In the first rows I am seperating the columns I want to fill with this method from the columns I do not want to alter at all. Then I first iterate over the columns and then over the rows. This is, however, incredibly slow and I am not even sure if this would work. Does anybody else have some suggestions?

(Jun-01-2023, 09:40 PM)larzz Wrote: [ -> ]Then I first iterate over the columns and then over the rows. This is, however, incredibly slow and I am not even sure if this would work. Does anybody else have some suggestions?

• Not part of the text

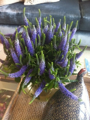 Mystery bloom of the day: anyone know what they are? Love them, as do the Fat Bird and the blue sofa.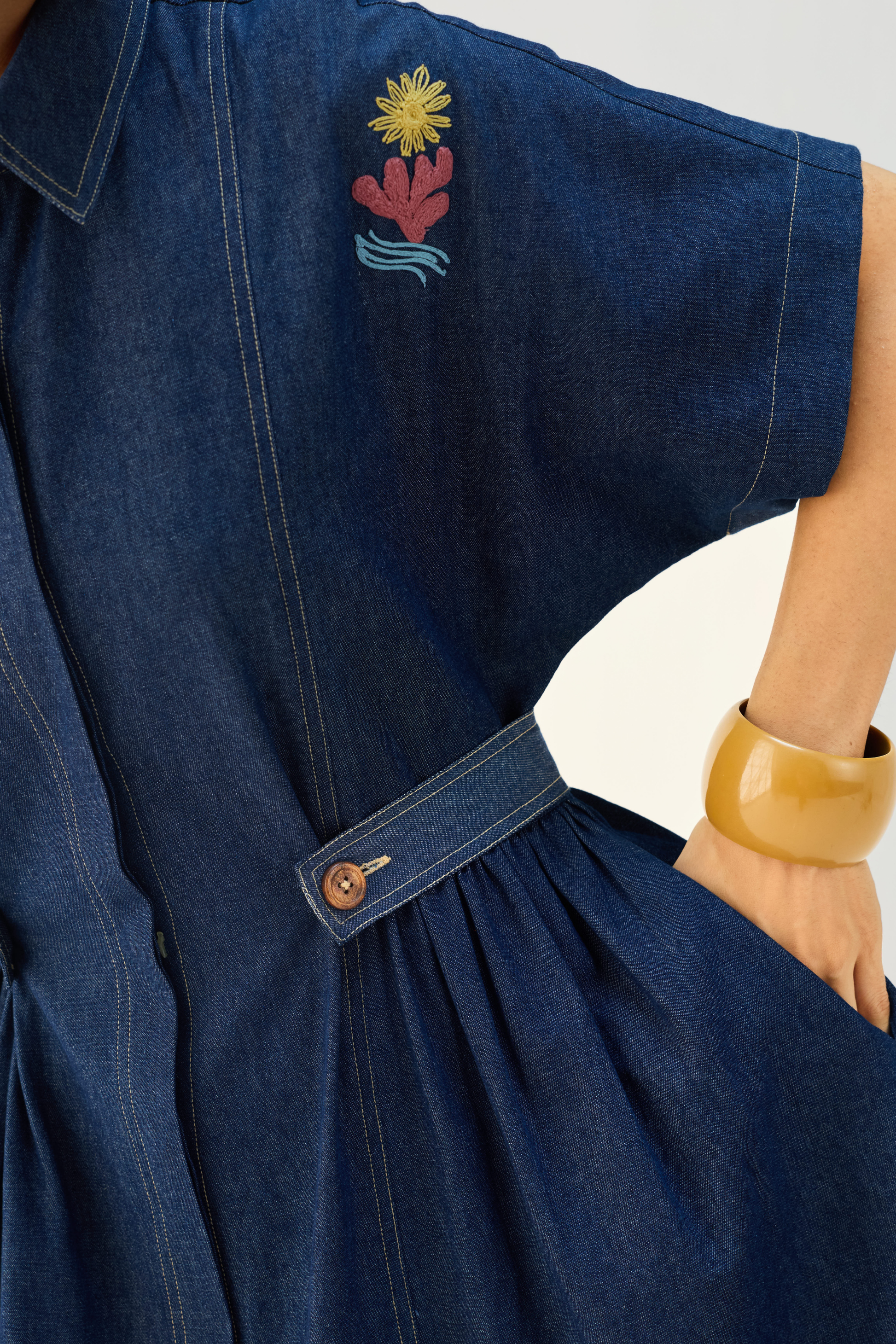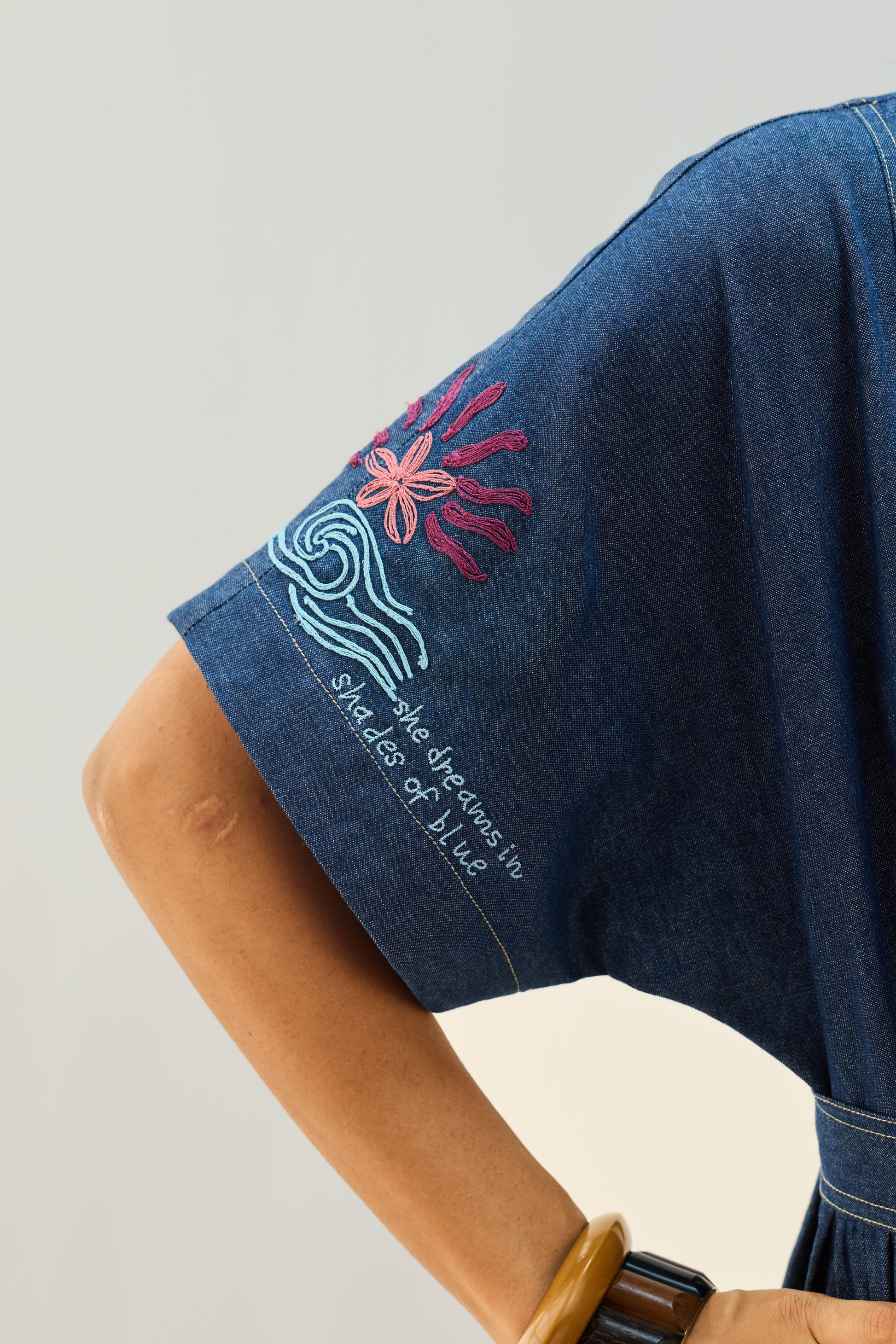 Regular fit, collared, half sleeve, midi dress that buttons at the front and is fitted at the waist with buttons, crafted in sustainable organic cotton denim fabric, hand and machine embroidered with flower and quote motifs.

Yes,doing this way will be slow,DataFrame is vector based,so using vectorized operations with Pandas build in methods,will speed it up a lot.
Take a look at this article.
So it's hard without a sample of merged_df_nan to make changes and test,so with a little AI help here is two versions.

def average_col(merged_df_nan):
    # Filling NaN values for columns with less than 20k NaNs with the average of the period before and after
    na_counts = merged_df_nan.isna().sum()
    columns_to_fill2 = na_counts[(na_counts < 20000) & (~na_counts.index.isin(
        ['Text', 'gvkey', 'datadate', 'prccq', 'naics', 'sic', 'processed_text',
         'stemmed_text', 'sentiment_score', 'fyr', 'indfmt', 'consol', 'popsrc', 'tic', 'conm', 'apdedateq', 'fdateq', 'rdq']
    ))].index

    for column in tqdm(columns_to_fill2, desc='Columns done'):
        na_mask = merged_df_nan[column].isna()
        previous_values = merged_df_nan.loc[~na_mask, [
            'cik', 'fyearq', 'fqtr', column]].set_index(['cik', 'fyearq', 'fqtr'])
        next_values = merged_df_nan.loc[~na_mask, [
            'cik', 'fyearq', 'fqtr', column]].set_index(['cik', 'fyearq', 'fqtr'])

        # Shift the index and values to find the previous and next non-NA values
        previous_values = previous_values.groupby('cik').shift(
            1).bfill().reset_index(level=[0, 1, 2], drop=True)
        next_values = next_values.groupby(
            'cik').shift(-1).ffill().reset_index(level=[0, 1, 2], drop=True)

        # Update NaN values with the average of previous and next values
        merged_df_nan.loc[na_mask, column] = (previous_values + next_values) / 2

    return merged_df_nan

Here to show a fully vectorized version,see that there is no loops.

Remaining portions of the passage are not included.